The subroutine body should not mess with the stack pointer sp, or the link register lr. The link register contains the code address to which the subroutine will return via the final instruction bx lr, and overwriting this will result in chaos.

Tasks

Different participants in the course will have different amounts of experience with low-level programming, so you should choose whichever of the following tasks you find both possible and illuminating. Each requires you to produce an assembly language file containing a definition of the function func. For the first few, you can work most easily by tinkering with the supplied file func.s, but for later tasks you may like to make a new file to preserve your work.

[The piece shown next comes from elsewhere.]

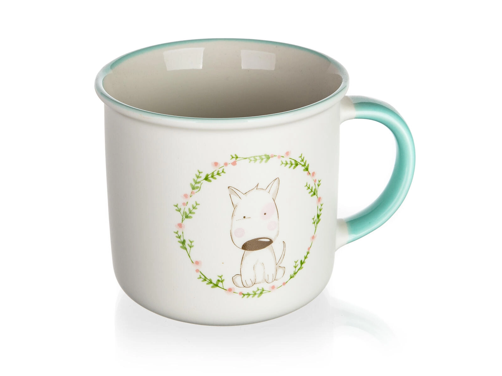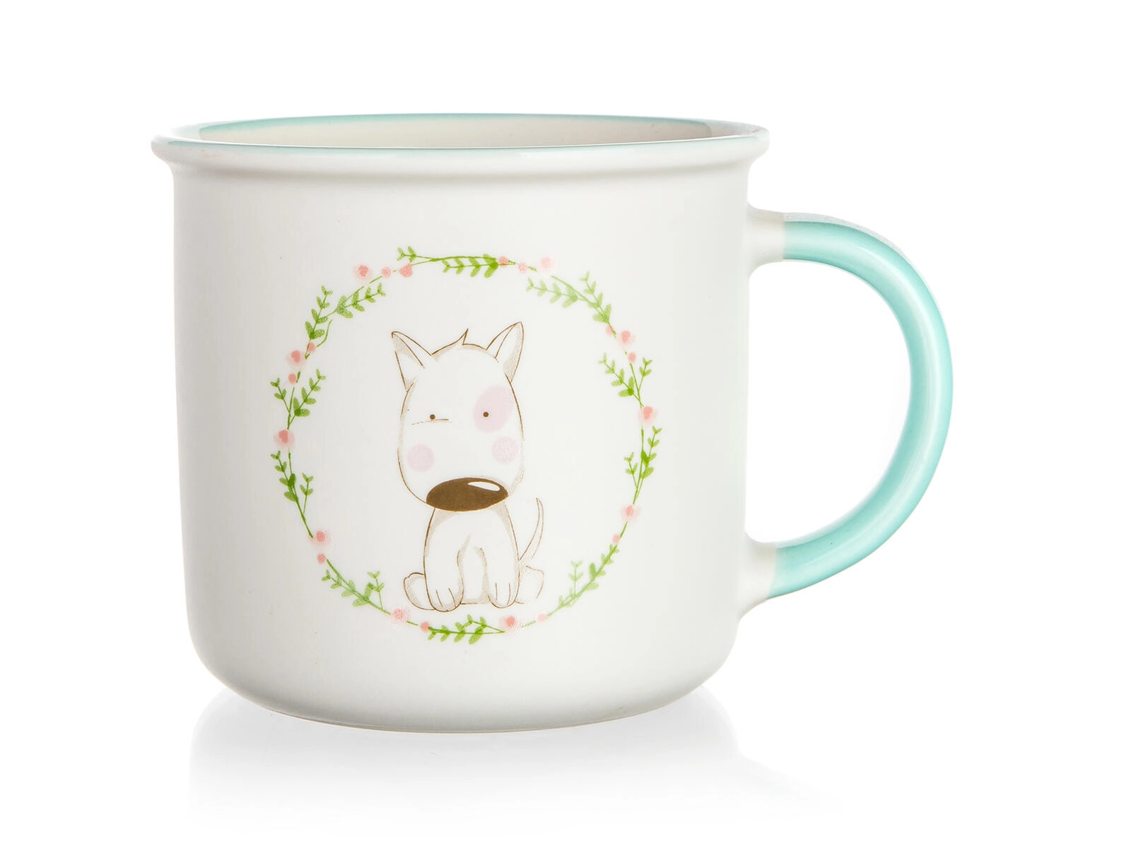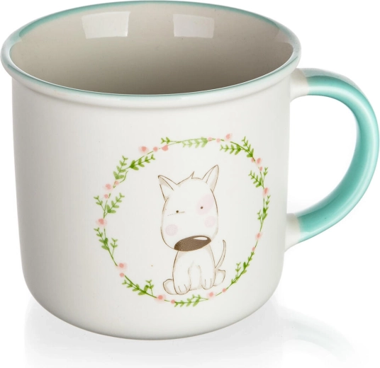 Dekor s pejskem v jemném květinovém věnci dodá vaší pauze na kávu radost i styl a potěší děti i dospělé.

Try replacing the adds instruction with a different instruction – such and the subs instruction that subtracts instead of adding. Explain to yourself why a subtraction such as 2 - 5 seems to give a large positive result when it is interpreted as an unsigned number.
Explore other ALU operations such as the bitwise logical instructions ands, orrs and eors, or the shifts and rotates lsls, lsrs, asrs and rors.
Use shifts and adds to write a function that multiplies one of its arguments by a small constant, such as 10.
Write a function that multiplies two numbers using the built-in multiply instruction muls, and compare it for speed with the supplied code. Note that the Nordic chip includes the optional single-cycle multiplier, but other instances of Cortex-M0 may have a slower multiplier or (I believe) none at all.
Write a faster software implementation of multiplication, using a log-time algorithm.
Write a simple implementation of unsigned integer division.
Write an implementation of unsigned division that runs in a reasonable time.

Some of these tasks we will look at in the lectures; others may be mentioned on a problem sheet. I don't think the overlap matters much, because different settings are good for focussing on different things. You can fruitfully discuss with your tutor the range of algorithms you might use for one of the tasks, but it's pointless to spend tutorial time on the details of assembly language syntax. Such details are not important for the exam, but it helps understanding if you gain some sense of mastery of the technicalities.

Factorials are often used as an example of recursion, though a bad one because they can be computed with a simple loop. Rewrite the factorial program to use recursion and see how much worse it gets.
Factorials provide one way of computing binomial coefficients since choose(n, r) = n! / r! (n-r)!; others include filling in Pascal's triangle row by row, or using a recurrence such as

choose(n, r) = n/r * choose(n-1, r-1)

or

choose(n, r) = (n-r+1)/r * choose(n, r-1)

with suitable boundary conditions. Implement one or more of these methods, perhaps using the unsigned division routine you implemented earlier. Which method is the best, in terms of both speed and freedom from overflow?

Most of the new instructions (and derestricted versions of old ones) are encoded in 32 bits instead of 16 bits, with the first 16-bit half of the instruction coming from a region of the decoding chart that makes it illegal when read as a 16-bit Thumb instruction. As well as new instructions like the signed and unsigned divide instructions sdivs and udivs, you will find that arithmetic instructions can use all 16 registers, not just registers r0 to r7, they exist in variants without the s suffix that don't set the condition codes, and restrictions on the values of immediate constants are relaxed, so that you can write the instruction adds r0, r1, #100. Note that the "Thumb-2" code with mixed 16-bit and 32-bit instructions is different from the "Native" code where all instructions are 32 bits long, and the encoding is quite a bit simpler to decipher.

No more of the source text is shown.